На Кутузовском проспекте такой стоял грохот, что не понять было ни словечка из того, что мы говорили друг другу (Рубец был, впрочем, неразговорчив); партийно-правительственные машины (членовозы, мадам) проносились из опричнины в земщину, обгоняя друг друга, мимо партийно же правительственных громад, со всех сторон стоявших неколебимо; лишь на мгновение все стихло – в длинном-предлинном, потому что двойном – и под Кутузовским, и под Дорогомиловской – подземном переходе, – который мы не прошли до конца, снова выбравшись на грохот и свет на смыке и стыке двух улиц, в скверике, опозоренном очередным патриотическим памятником – о Московия, Совковия, как же я ненавижу тебя! – где одно только и радовало мой измученный глаз: кафе, в самом деле, Хрустальное, даже Очень Хрустальное, длинное-длинное, горизонтальное-горизонтальное, громадное, как все здесь, но прозрачное, построенное при Беспокойном Никите в пику дяде Джо со всеми его ассирийскими изысками, вавилонскими выкрутасами. А мы ведь снова вступали, уже вступили, в эпоху стеклянную, эпоху прозрачную, горизонтальную, легкую, быструю. Вы же понимаете, сударыня, что слово гласность происходит от немецкого Glas, шведского glas, английского glass, индонезийского gelas? Не понимаете? Значит, поймете. А мы это понимали. И мы еще верили в какое-то будущее, в какое-никакое, но все-таки будущее – и Ксения верила, и даже Рубец Мосальский, добрейшей души, записной злодей, еще верил. Я один, похоже, нес в себе, не знал куда девать ее, ту сухую скорбь разуверения, о которой, как уже говорилось, говорит Боратынский в великих, незабвенных стихах.

***

Басманов, за столиком у стеклянной стены, заменявшей окно, ожидал нас в обществе старого толстого Мнишка, своего, как выяснилось, соседа по партийно-правительственным дебрям, которого, встретивши у подъезда под аркой, позвал в Хрустальнейшее, раз уж, если верить Макушинскому, именно здесь, а не где-нибудь стояла первая в Москве триумфальная арка, сооруженная по моему приказанию в честь его с дочерью и в сопровождении, кстати, посланного им навстречу Мосальского, прибытия в стольный град, Третий Рим. Долго же, однако, вы ехали. Они ехали, еще не доехали. Они только должны были доехать, перед самой развязкой.
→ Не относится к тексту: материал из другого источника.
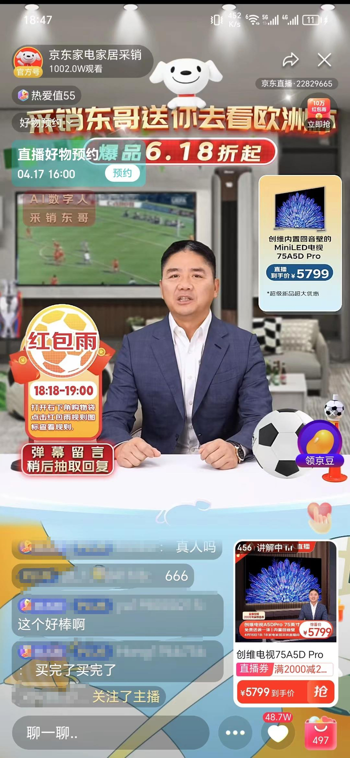 4月16日晚6点18分,刘强东准时出现在京东家电家居采销直播间和京东超市采销直播间。不过,此次出镜带货的并非刘强东本人,而是其数字虚拟人分身“采销东哥”。开播不足半小时,两大直播间就吸引了超1000万次观看。
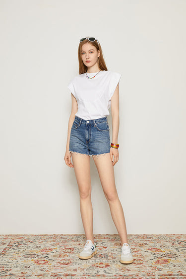 The Joanie Vintage Cut Off Shorts are a timeless summer essential with an effortless, lived-in feel. Crafted from mid-weight, non-stretch denim, they sit high at the waist and feature subtle fading and whiskering for a vintage-inspired look. A raw, frayed hem gives them edge, while the classic 5-pocket styling and button-zip closure keep them versatile for everyday wear. Perfectly petite-friendly, these shorts are designed for all-day comfort in 100% cotton.
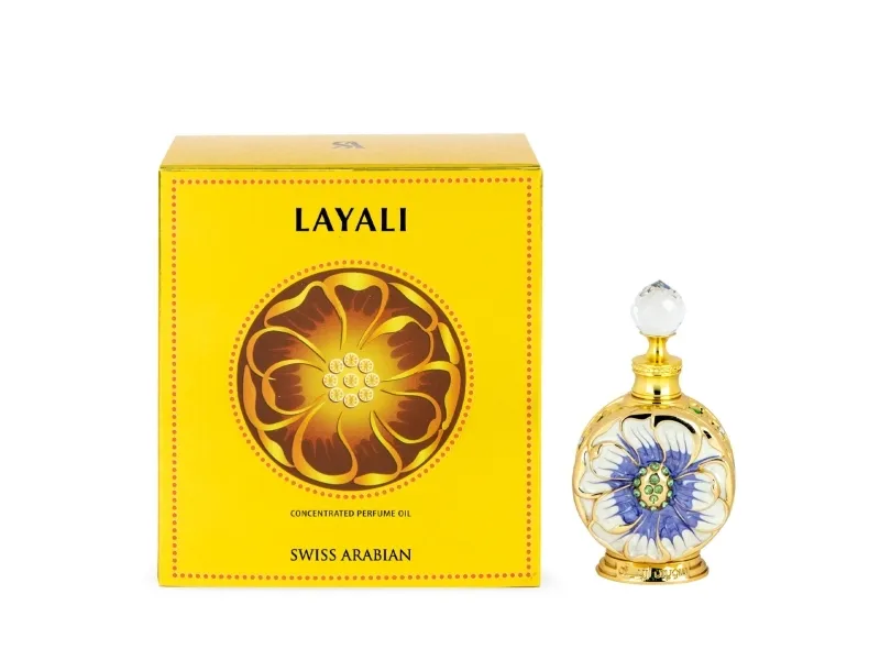 Layali introduced by Swiss Arabian is a feminine perfume for women This fragrance starts with orange flower blackcurrant and plum for a delightfully sweet opening The middle notes are a floral blend of rose jasmine and ylang ylang for a sensual enticing aroma
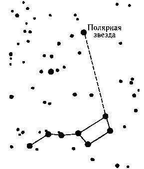 Через две крайние звезды ковша мысленно проводится прямая. На этой прямой откладывается пятикратное расстояние между этими звездами. В конце пятого отрезка и находится Полярная звезда. Если стать лицом к Полярной звезде, то впереди будет север, сзади юг, слева запад, справа восток. Этот способ ориентирования один из самых точных.
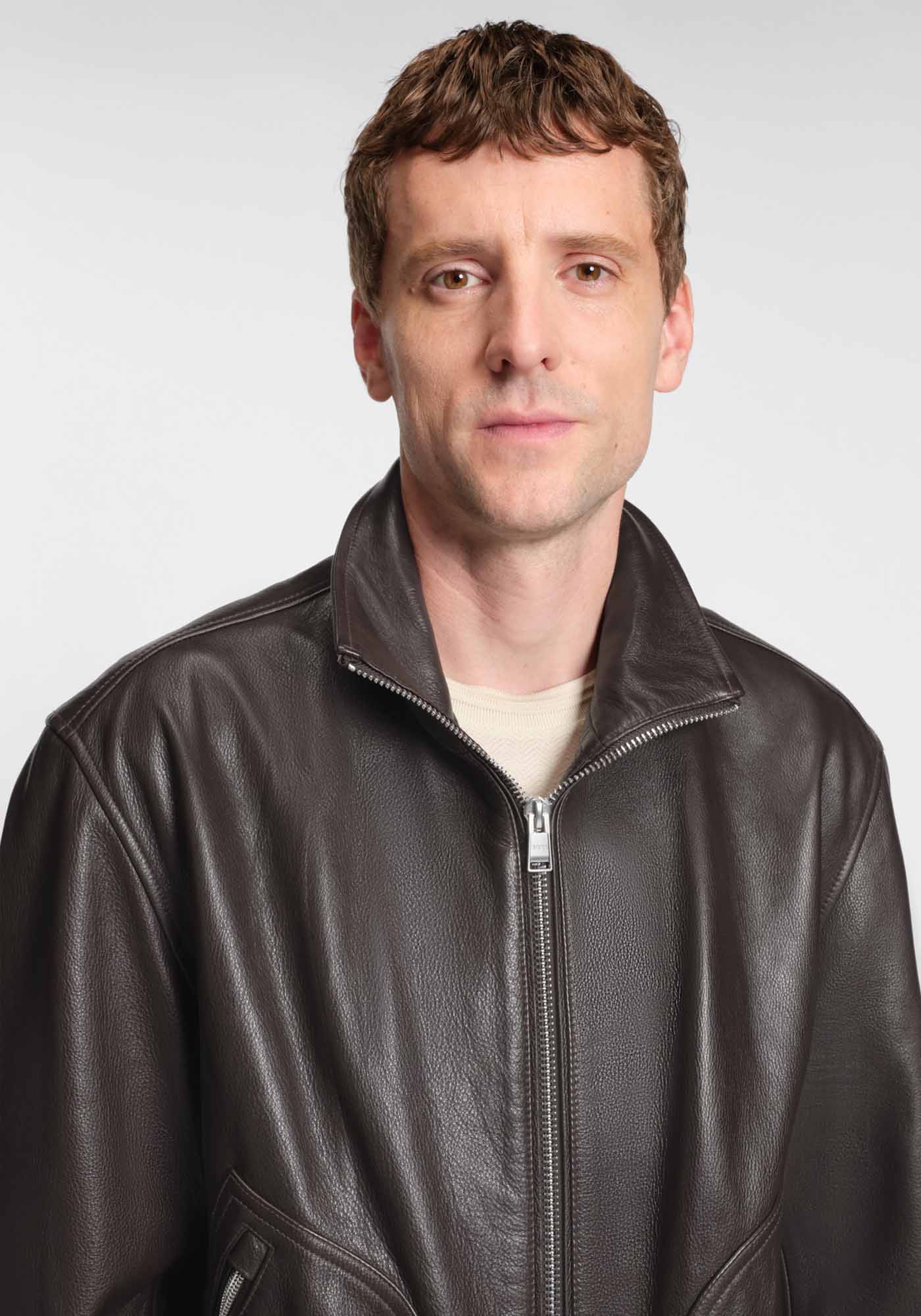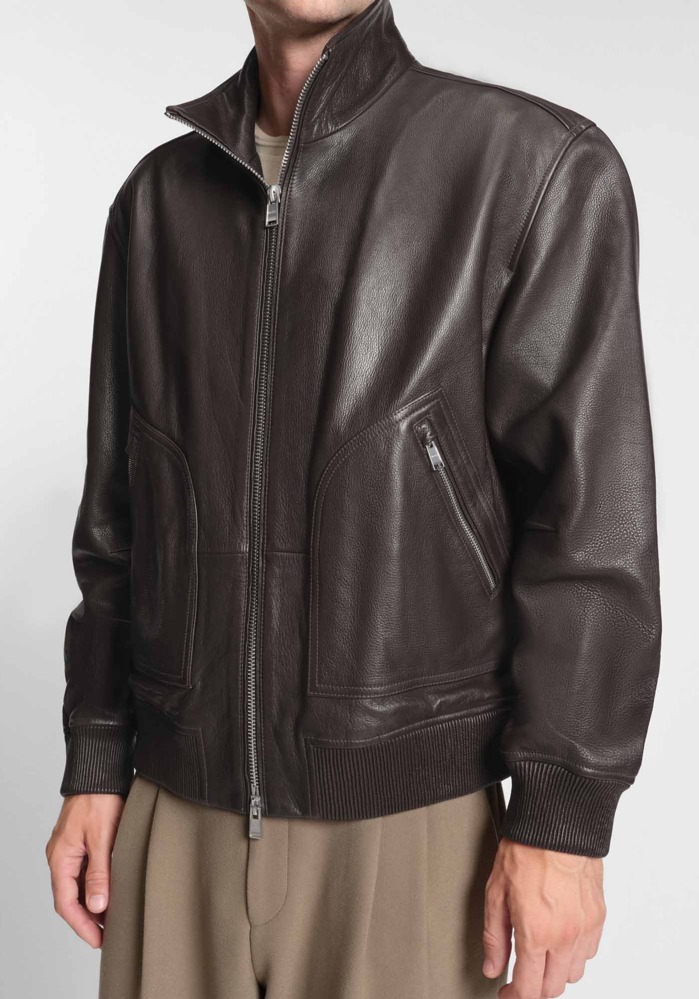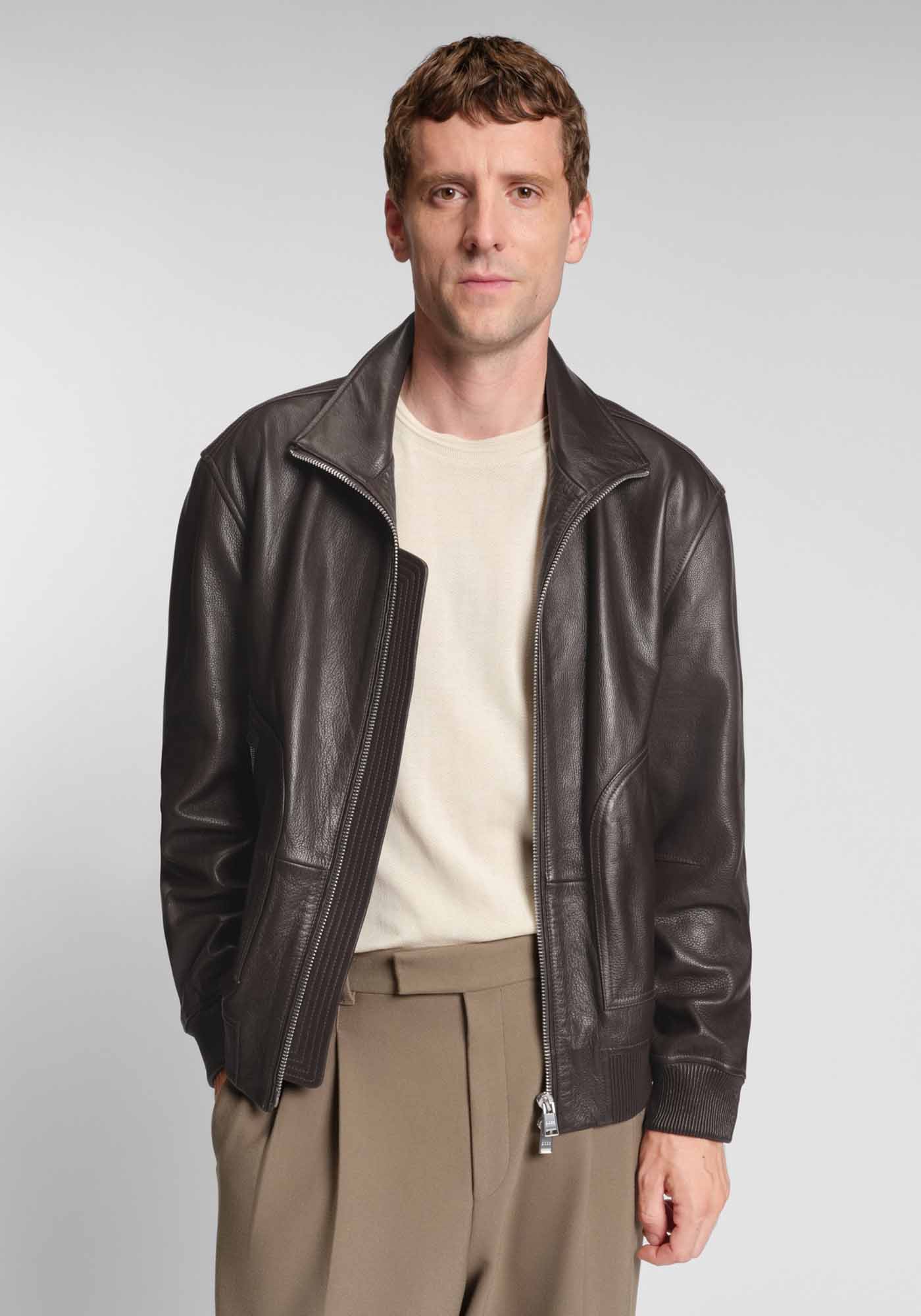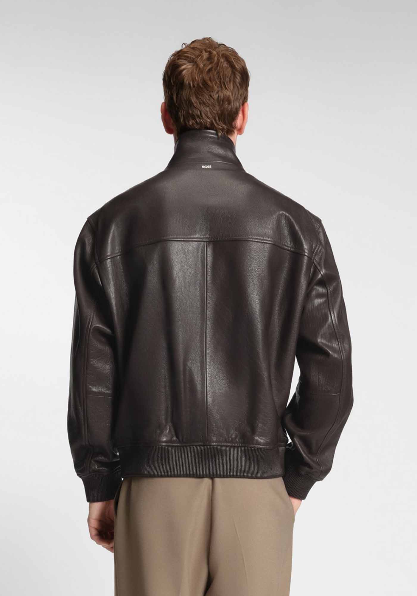 Aνδρικό Δερμάτινο Jacket της εταιρείας HUGO. Ανήκει στην C Mander συλλογή της εταιρείας και αποτελείται από δέρμα υψηλής ποιότητας. Είναι μονόχρωμο και σε κανονική γραμμή, ενώ το λογότυπο αναγράφεται στο πίσω μέρος. Τέλος, διαθέτει Stand collar, λάστιχο σε μανίκια και μέση για σταθερό κράτημα και τσέπες στο πλάι.
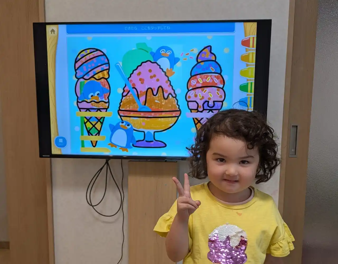 「ぬりえ」してテレビ前でピース |
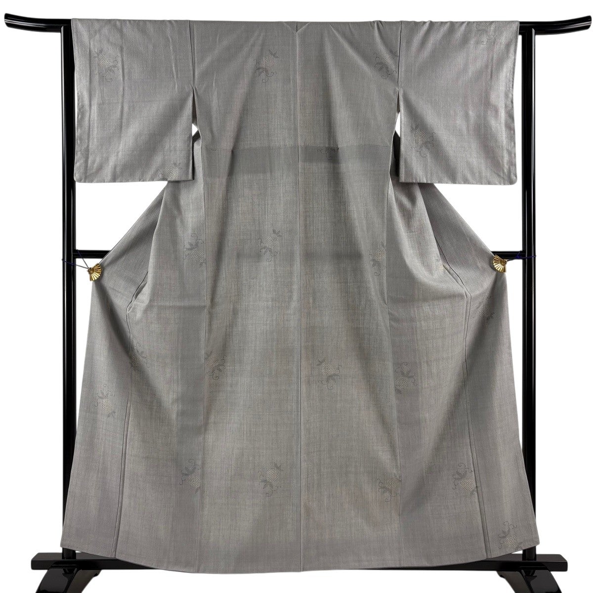 小紋 身丈164.5cm 裄丈63cm S 袷 紬地 花唐草 灰色 正絹 秀品
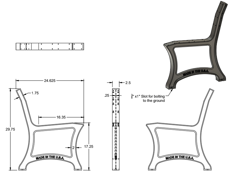 Cast Aluminum Park Bench Legs (Brunswick), Set of 2
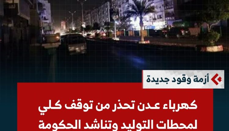 أطلقت المؤسسة العامة للكهرباء في مدينة عدن جنوبي اليمن، تحذيراً عاجلاً من انهيار وشيك لمنظومة التوليد الكهربائي، مهددة بدخول المدينة في “ظلام شامل” بسبب النقص الحاد والمُزمن في الوقود.
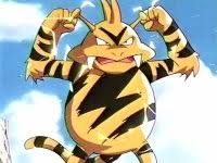 Dex: Electabuzz um pokemon tipo elétrico muito forte que quando vê vermelho fica super extressado e não e nem um pouco amigável.
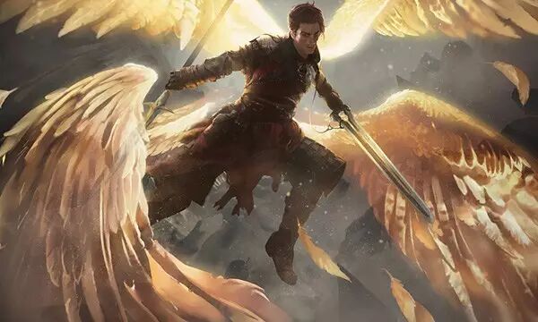 塔茲莉舉起她的劍。天使的光暈發出熾熱的白光,一道眩目、熊熊燃燒的光芒,接著塔茲莉在腦袋裡聽見一道悅耳的聲音,儘管她聽不出它的內容。然後光暈變得昏暗,接著光芒熄滅。她腦中的聲音也突然停止。
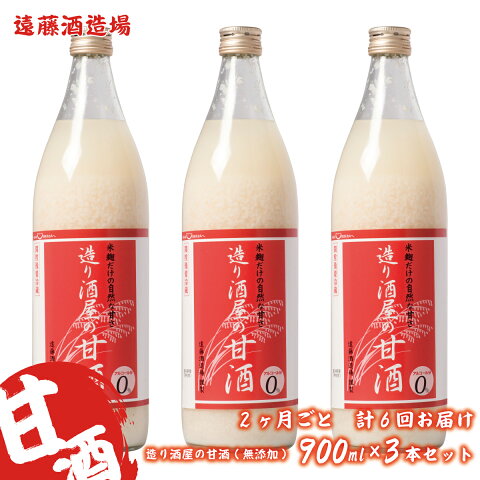 【ふるさと納税】【定期便】《2ヶ月ごと計6回お届け》造り酒屋の甘酒(無添加)900ml×3本セット《株式会社遠藤酒造場》飲料 あまざけ
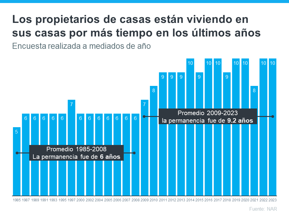 De 1985 a 2008, el tiempo promedio que los propietarios solían permanecer en sus casas era de solo seis años. Pero según la Asociación Nacional de Realtors (NAR, por sus siglas en inglés), ese número está aumentando hoy, lo que significa que muchos propietarios viven en sus casas aún más tiempo (vea la gráfica a continuación):
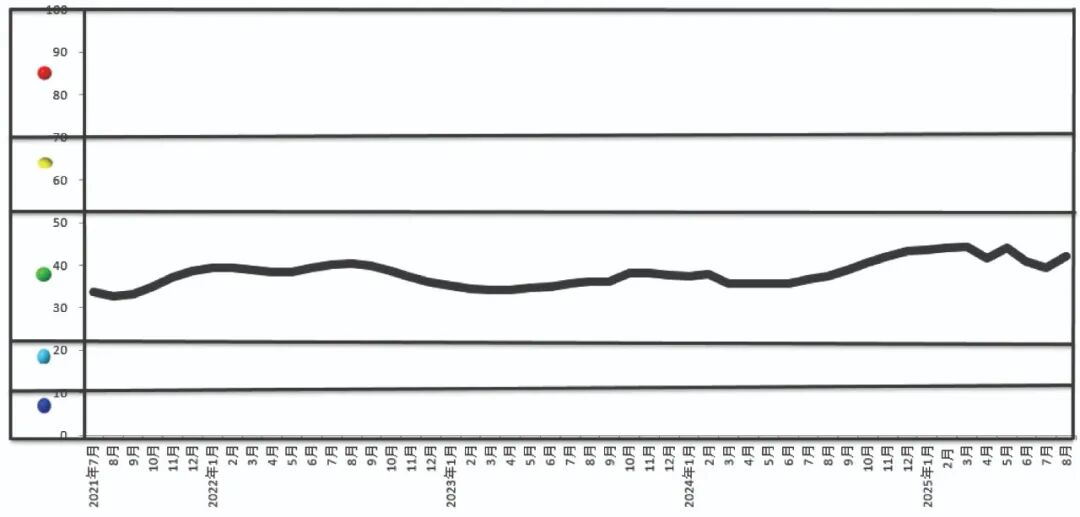 8月份,中國(guó)銅產(chǎn)業(yè)月度景氣指數(shù)為42.0,較上月上升2.7個(gè)百分點(diǎn),繼續(xù)保持在 “正?!?區(qū)間運(yùn)行。中國(guó)銅產(chǎn)業(yè)月度景氣指數(shù)變化趨勢(shì)如圖1所示。
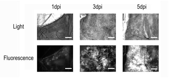 Finally, three samples of larvae from each time point of the last infection experiment, as well as two uninfected controls, were analyzed not only for synthesis of recombinant protein, but also its accumulation in insect tissues, using immunoblotting with anti-eGFP antibodies. The results confirmed that the recombinant product was not detectable before 3 dpi, when barely detectable amounts were recorded. Significant accumulation of the virus-delivered protein in the tissues was only observed starting at 5 dpi (Figure 2c).
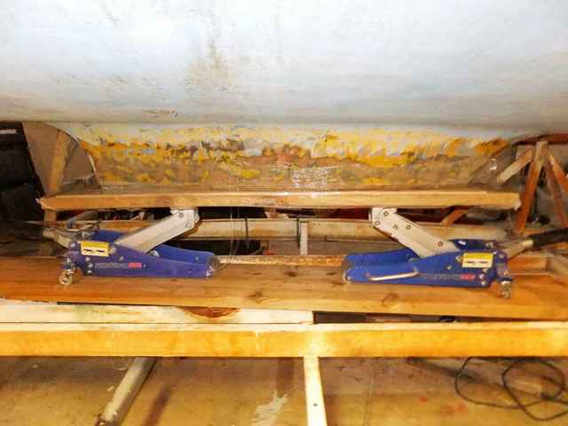 My supply of cutting wheels and grinding discs had also migrated to the detritus on the floor. The whole idea was to get Miss Kathleen lower to the ground, now that a once-deep keel has been reduced to a vestigial stub. And, I hasten to add, that particular process of cauterizing that rather gaping wound was accomplished from the same ergonomically challenged perch(s) from under the hull and inside the trailer frame as the cutting and grinding of last night’s Masochism Tango.
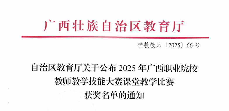 • 喜报:我校在2025年广西职业院校教师教学技能大赛中斩获佳绩
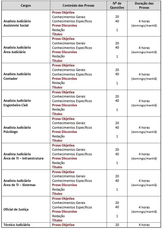Quanto aos requisitos, o cargo de Técnico Judiciário exigirá nível médio de escolaridade, enquanto as funções de Analista Judiciário e Oficial de Justiça demandarão formação de nível superior.
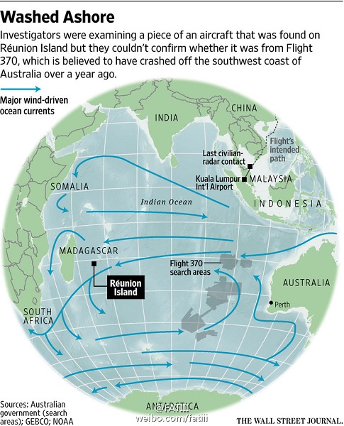 另據(jù)外媒報道,疑似MH370殘骸發(fā)現(xiàn)的地方在目前搜尋區(qū)域的西北方向,靠近非洲馬達(dá)加斯加。海洋學(xué)家分析符合洋流運(yùn)動規(guī)律。
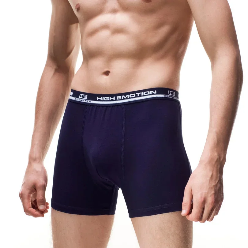 Pánské Boxerkyky High Emotion jsou ideální jako dárek pro milovaného muže, zvýrazňují jeho charakter a styl. Jsou ušité z kvalitní bavlny s přídavkem elastanu. Boxerkyky mají plochou gumu, prostorný klín, ploché švy a nestahující nohavičky. Jemně obepínají tělo.
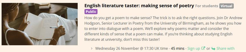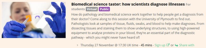 Wednesday 26th November, 6-7pm: Come along to this virtual session to learn more about the process of Applying to Medicine at the University of Leicester. From choosing the right university, to understanding the entry requirements (including the need for work experience, the UCAT and MMIs), visit our website for more information and how to sign up to attend.

Все медлили, все оттягивали нашу с Мариной кровавую свадьбу, хоть я посылал им и подарки, и письма, и секретаря моего Яна Бучинского, и толстого (прям как Мнишек) думного дьяка Афанасия Власьева, чтобы тот с ней обручился от моего имени, в присутствии самого Сигизмунда. Афанасий Власьев (и толстый, и бородатый: истинный представитель Московии; впрочем, человек умный и ловкий) все сделал как надо, с соблюдением всех бесконечных, бессмысленных церемоний, ни на мгновение не забывая о своем московском, моем царском достоинстве. И все-таки они не спешили; боялись, видно, ехать в столицу скифов; выговаривали для себя условия такие, другие; требовали новых подарков; а только выехали, так Марина и встретила своего фаворита, будущего Лжедмитрия Второго, как оскорбительно для моей чести прозвали его потомки (словно первый Лже – я; а я не Лже, я – Сам и не Сам), будущего Тушинского Вора, безвестного человека. История об их встрече умалчивает, ну и черт с ней. Зато Макушинский так придумал, написал в своей пьесе, и это правильно, потому что, сударыня, так оно, конечно, и было.

***

А я настаивал, я торопил их. Зачем настаивал, зачем торопил? Я упорствовал; зачем я упорствовал? Спроси меня, Мнишек. Вот я сижу здесь, в кафе Хрустальном, за столиком круглым, вместе с Мосальским, Басмановым и тобою, в огромном, уже почти весеннем свете, падающем на нас из стеклянной стены, в ожидании мороженого (в валкой вазочке, по советской старинке), которое все никак не несет нам злобнонервная (по той же старинке) официантка; вот сижу здесь, смотрю, в этом огромном свете, на твою окончательно постаревшую, брыластую, кадыкастую физиономию: и сам спрашиваю себя, какого черта я так упорствовал, настаивал, торопил ваш приезд. Любовь к твоей дочке? Дело не в любви, как уже много раз было сказано. Если же и в любви, то не к твоей дочке, пан Мнишек, с ее гелиевой душой, ледяной красотою, ее жаждой власти, ее равнодушием ко всем и ко мне.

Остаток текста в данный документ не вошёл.